Греков с Маргаритой, уткнувшись в спины соседей, гуськом пробирались между рядами.
– Пойдем за мной, – шепнул писатель Марго. – Хочу его поблагодарить.
Они поднялись на второй этаж, долго шли по каким-то параллельным коридорам и, уточнив у проходящей балерины, где гримерка, пнули белую заляпанную дверь. Музыканты паковали инструменты, над чем-то смеялись, в углу возле косого зеркала Петя Савицкий переодевал брюки.
– Друзья! Вы подарили нам колоссальное удовольствие! Отныне мы ваши фанаты! – заявил Греков, пожимая артистам руки.

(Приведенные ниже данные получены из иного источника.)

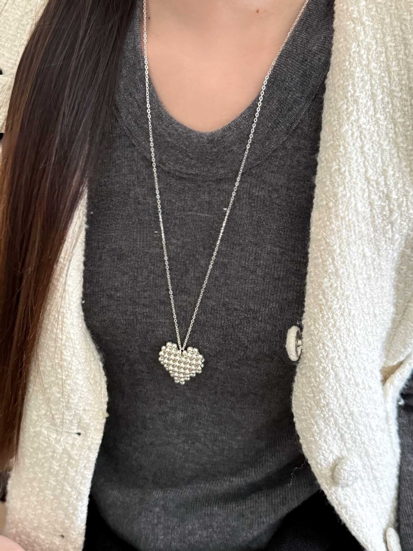 ビーズでできたハートモチーフとシルバーカラーの組み合わせがシンプルなから高級感のあるアイテムです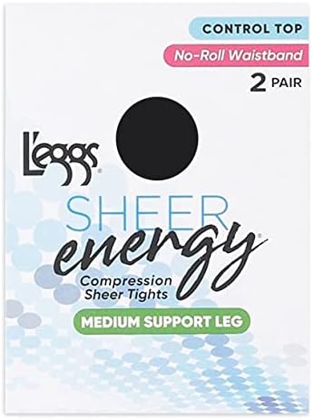 Graduated compression sheer tights by L'eggs Sheer Energy in a two pair package. No-roll waistband provides a flattering, comfortable fit.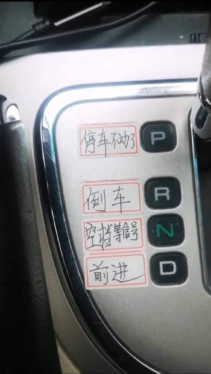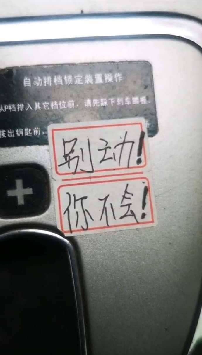 ▼車內排檔的位置貼滿提示標籤,有「停車不動了」、「倒車」、「空檔等信號」、「前進」,還有一個超搞笑的標籤上寫著:「別動!你不會!」驚嘆號那麼粗,看來真的很用心啊。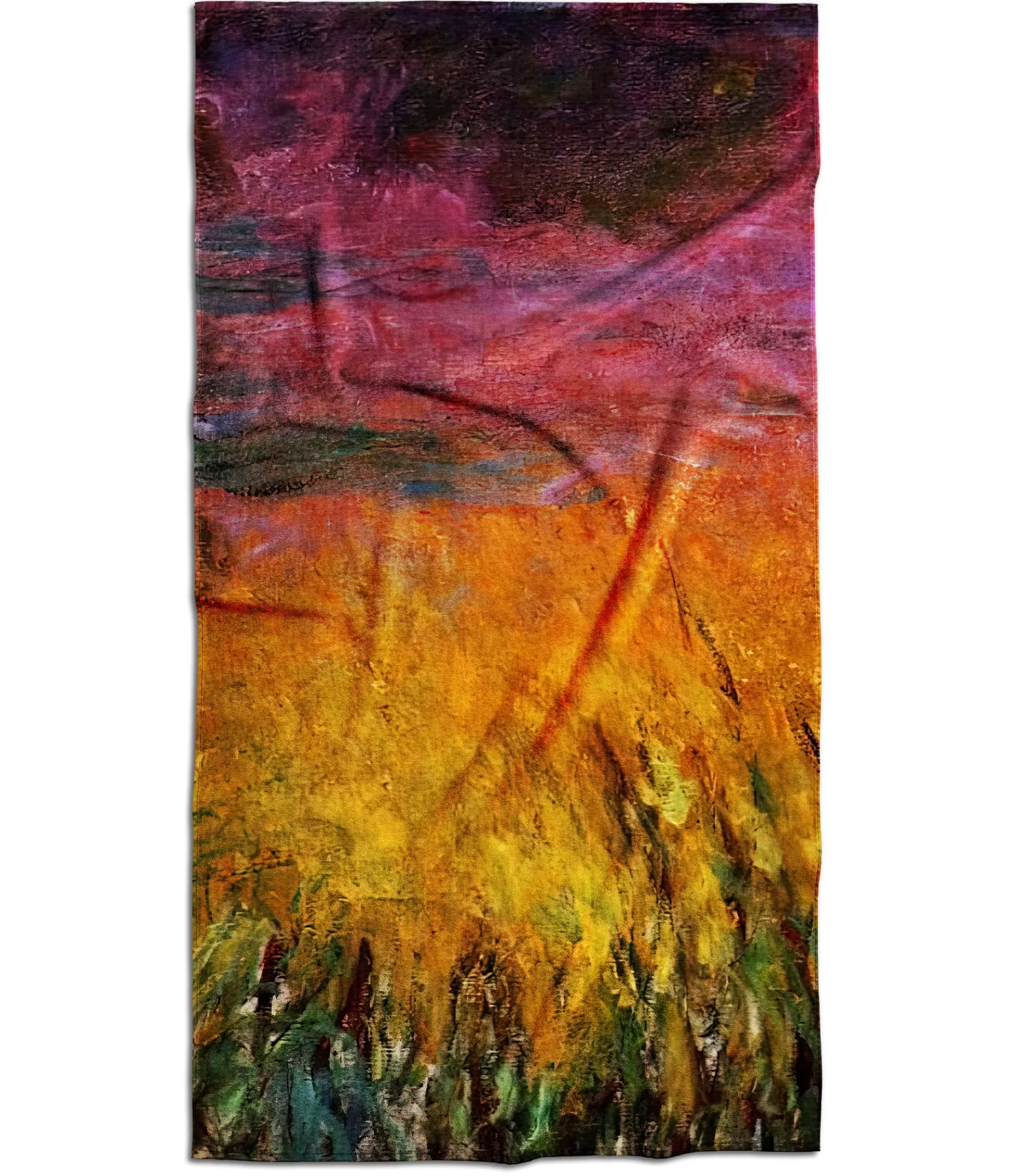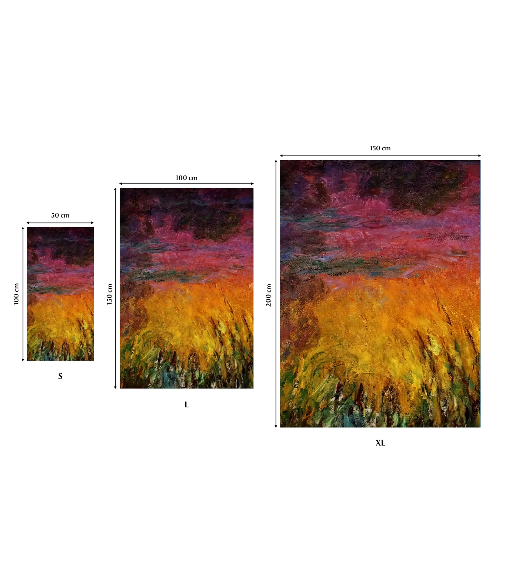 Saulriets špalmāšir piepildīts ar ugunīgi sarkanu krāsu, kas pārvēršas par lauku šapelsīnušilumu. Tas nav tikai ritenis, ko iedvesmojis mākslinieks – tā ir Monē gleznas būtība, kas pārvērsta tekstila sensācijā. Augšā ir tumšāki, intensīvi purpursarkani mākoņu slāņi, it kā būtu uznākusi vasarīga lietusgāze, un zem tiem, lejā – smacējoša dzelteni oranža saule šgaisma, kas rada sajūtu, ka vēl daži mirkļi – un šiluma pazudīs naktī. Apakšdaļā uzkrītošā zaļā ainava ir dzīva, it kā vējā šūpojoties, ar triepieniem, kas atgādina ar nazi uzklātu krāsu – drosmīgs, dzīvespriecīgs, gandrīz trīsdimensiju.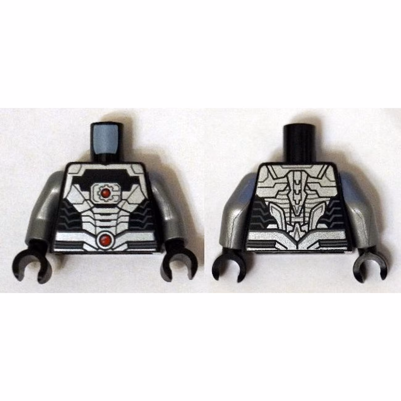 Деталь Lego 973pb1857c01 Torso Black and Silver Armor Plating with 2 Red Circles Pattern (Cyborg) / Flat Silver Arms / Black Hands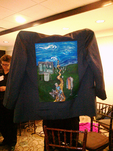 He said, “Fine, I will tell you my story.” About two weeks later we found ourselves at the same event in Philadelphia July 13-14, 2011 at the Regional ONC Meeting. I would paint four jackets in two days and Paulo’s would be the fourth. He took it off his back and it was a very special jacket.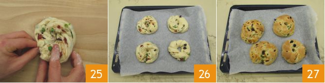 Finally, join the ends to form a donut 25. Repeat the operation for the other 3 pieces and place the obtained donuts on a baking sheet lined with parchment paper. Let them rest at room temperature for about 20 minutes 26, then bake in a preheated static oven at 356°F for about 25-30 minutes. When they're beautifully golden, your savory tasty donuts are ready to be served 27!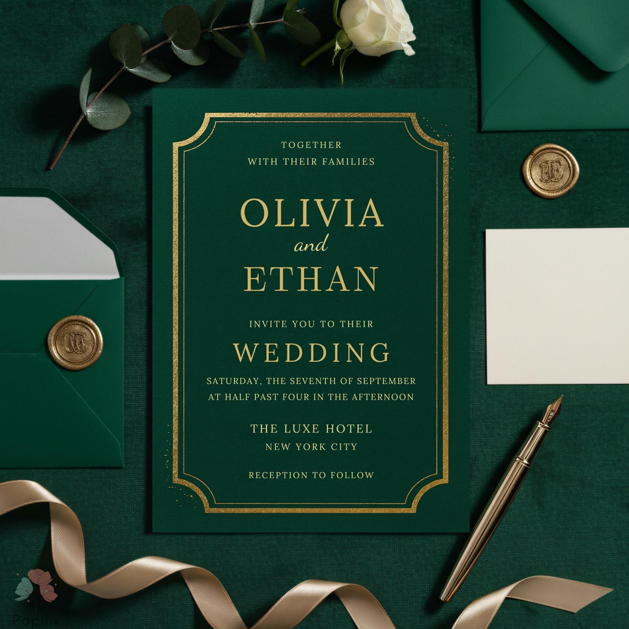 Elegant Emerald Green Wedding Invitation, Gold Foil Border Invite, ...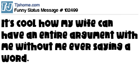 X says It's cool how my wife can have an entire argument with me without me ever saying a word.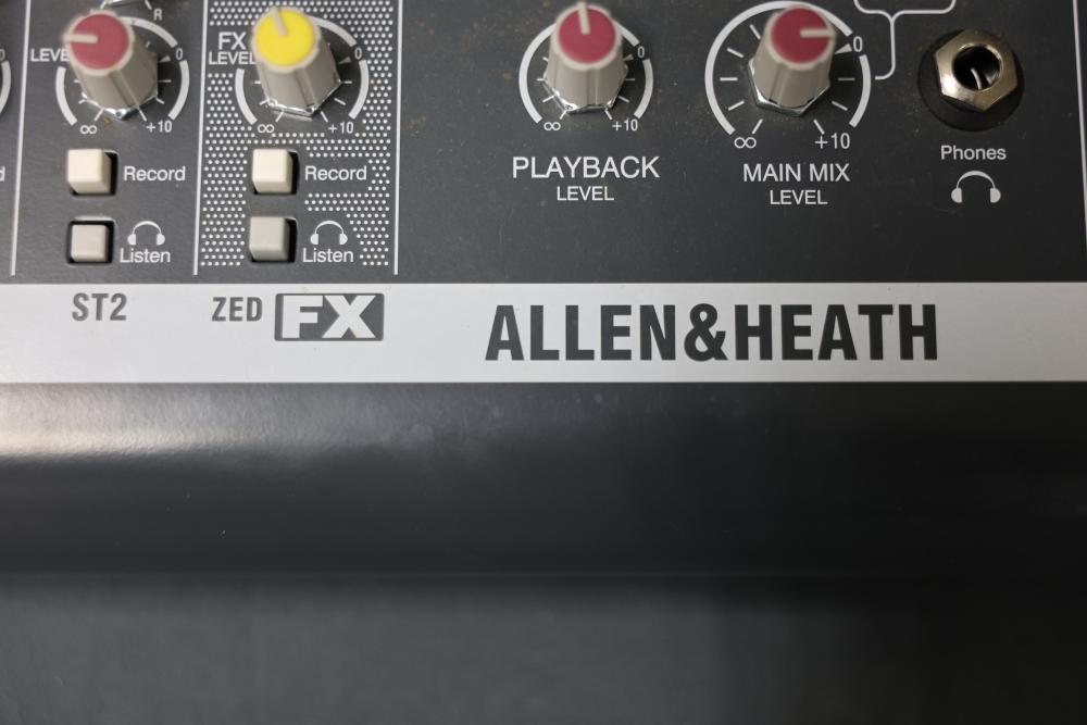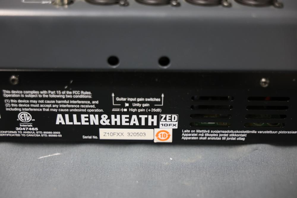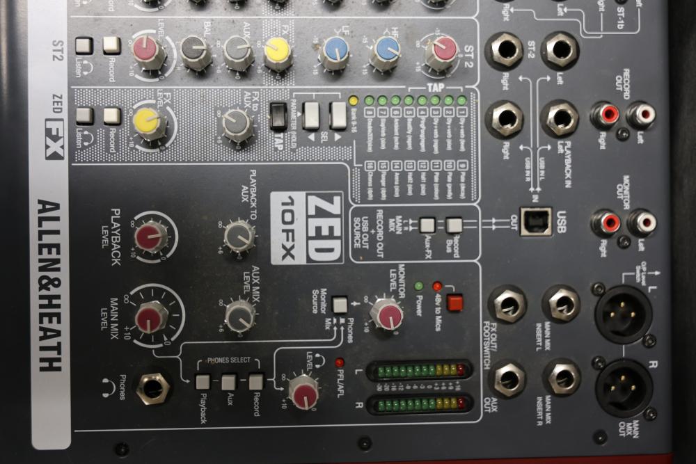 Allen and Heath ZED-10FX Multipurpose Miniature DJ Mixer. Features include multiple input options, USB connectivity, effects, and comprehensive level controls. Includes power cable. Pickup only.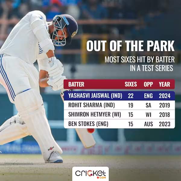 Overall, Jaiswal has hit 22 sixes in this series, which is the most by any batter in a bilateral Test series. And we still have two more Tests to go. In fact, he already has 25 sixes in seven Tests, the most for any batter since his debut in July 2023.
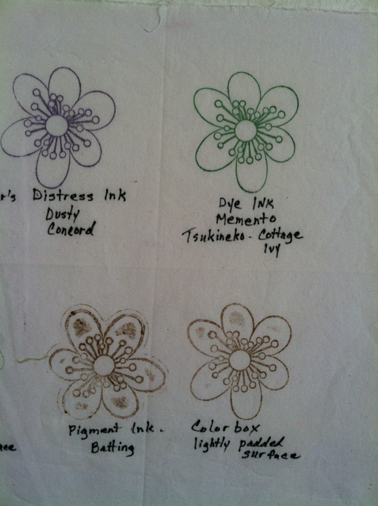 The pigment ink from Colorbox left a smudgy outline. I tried it on a lightly padded surface, over batting and on a hard surface. The hard surface was best but still not as distinct as the Dye Inks.

Они тепло загудели и кинулись обниматься, прежде всего, конечно, с Маргаритой. Пианист с шикарной шевелюрой мгновенно отвел ее за ширму и начал знакомить с графиком ближайших концертов.
– Петр Николаич, – окликнул кларнетиста писатель. – Ждем, когда наденешь штаны, чтобы сказать, что ты – абсолютный гений.
– Уже, уже, – радостно закивал Петя, заправляя рубашку в теплые треники из футера.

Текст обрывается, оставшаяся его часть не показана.